Prompt:
From the line containing "This natural herbal" through the last line of the entries below, print each line exactly. Pictures stay out.

Extracted records:
┌──
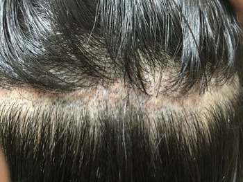20岁出头,为了矫正M型脱发、降低额头高度,决定植发,第一次到医院就诊时,医生护士都很有信心地讲解,马上手术。 之后第2周摘除了结痂,与其他医院不同,被告知可以开始喝酒和吸烟,从第1个月开始移植头发开始脱落,目前几乎没有头发。
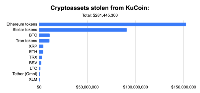 Elliptic had confirmed that instead of $150 million first reported, $281 million were the actual amount of cryptocurrency stolen from the Asian exchange on Sept. 25, making the KuCoin hack the third-largest theft ever suffered by a crypto exchange.
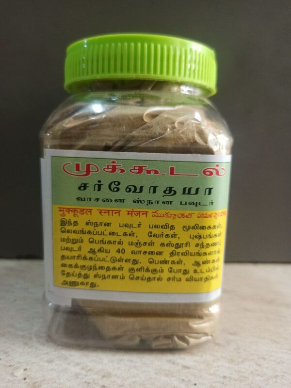 This natural herbal bathing womens powder contains a soothing blend of ingredients traditionally used in Ayurvedic healthcare. Sandalwood, turmeric, tulsi, rose petals, orange peel, and other herbs come together to cleanse and nourish your skin. Directly applying the powder and washing allows the benefits of akilam, thimiratam, vilangam, and other ingredients to be absorbed.
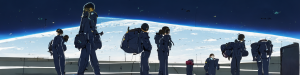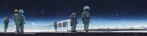 Sometimes MidJourney gets a little more creative than I expect it to. One of the renders for this prompt invented an anime character in the foreground of the shot (no doubt triggered by the “anime style” prompt):
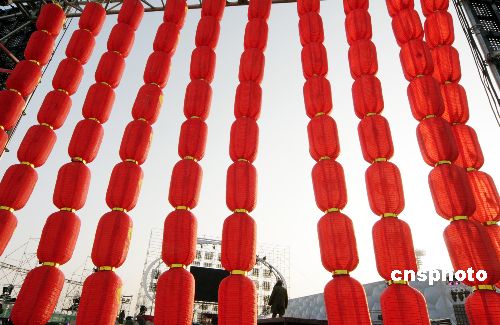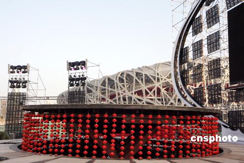 圖:“鳥巢”奧運工地掛紅燈籠迎新年
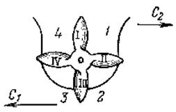 Рис.6.7. Действие силы С В 1-м секторе лопасть, переходя из положения 1 в положение 2, отбрасывает слои воды в сторону от судна, и никакой силы набрасывания струи не образуется. Во 2-м секторе лопасть, переходя из положения 2 в положение 3, набрасывает слои воды на нижнюю поверхность руля, где плотность воды значительно больше.. Руль должен был бы иметь стремление отклониться влево, но поскольку он установлен в диаметральной плоскости судна, сила набрасываемой струи устремляется на всю корму судна и отводит корму судна влево, а следовательно, нос идет вправо. Обозначим эту силу через С 1. В 3-м секторе лопасть, переходя из положения 3 в положение 4, будет отбрасывать слои воды от судна, следовательно, никакой силы набрасывания струи не будет. В 4-м секторе лопасть, переходя из положения 4 в положение 1, набрасывает снова слои воды, но уже с другой стороны, нежели во 2-м секторе, и на верхнюю часть руля. Обозначим эту силу набрасывания струи С 2. Действие этой силы будет меньше, чем действие силы набрасывания струи С 1 во 2-м секторе, вследствие меньшей плотности воды. Отсюда следует вывод: винт правого вращения на установившемся переднем ходу, действуя на руль, отклоняет корму судна влево, а нос — вправо
└──
The answer:
 This natural herbal bathing womens powder contains a soothing blend of ingredients traditionally used in Ayurvedic healthcare. Sandalwood, turmeric, tulsi, rose petals, orange peel, and other herbs come together to cleanse and nourish your skin. Directly applying the powder and washing allows the benefits of akilam, thimiratam, vilangam, and other ingredients to be absorbed.
 Sometimes MidJourney gets a little more creative than I expect it to. One of the renders for this prompt invented an anime character in the foreground of the shot (no doubt triggered by the “anime style” prompt):
 圖:“鳥巢”奧運工地掛紅燈籠迎新年
 Рис.6.7. Действие силы С В 1-м секторе лопасть, переходя из положения 1 в положение 2, отбрасывает слои воды в сторону от судна, и никакой силы набрасывания струи не образуется. Во 2-м секторе лопасть, переходя из положения 2 в положение 3, набрасывает слои воды на нижнюю поверхность руля, где плотность воды значительно больше.. Руль должен был бы иметь стремление отклониться влево, но поскольку он установлен в диаметральной плоскости судна, сила набрасываемой струи устремляется на всю корму судна и отводит корму судна влево, а следовательно, нос идет вправо. Обозначим эту силу через С 1. В 3-м секторе лопасть, переходя из положения 3 в положение 4, будет отбрасывать слои воды от судна, следовательно, никакой силы набрасывания струи не будет. В 4-м секторе лопасть, переходя из положения 4 в положение 1, набрасывает снова слои воды, но уже с другой стороны, нежели во 2-м секторе, и на верхнюю часть руля. Обозначим эту силу набрасывания струи С 2. Действие этой силы будет меньше, чем действие силы набрасывания струи С 1 во 2-м секторе, вследствие меньшей плотности воды. Отсюда следует вывод: винт правого вращения на установившемся переднем ходу, действуя на руль, отклоняет корму судна влево, а нос — вправо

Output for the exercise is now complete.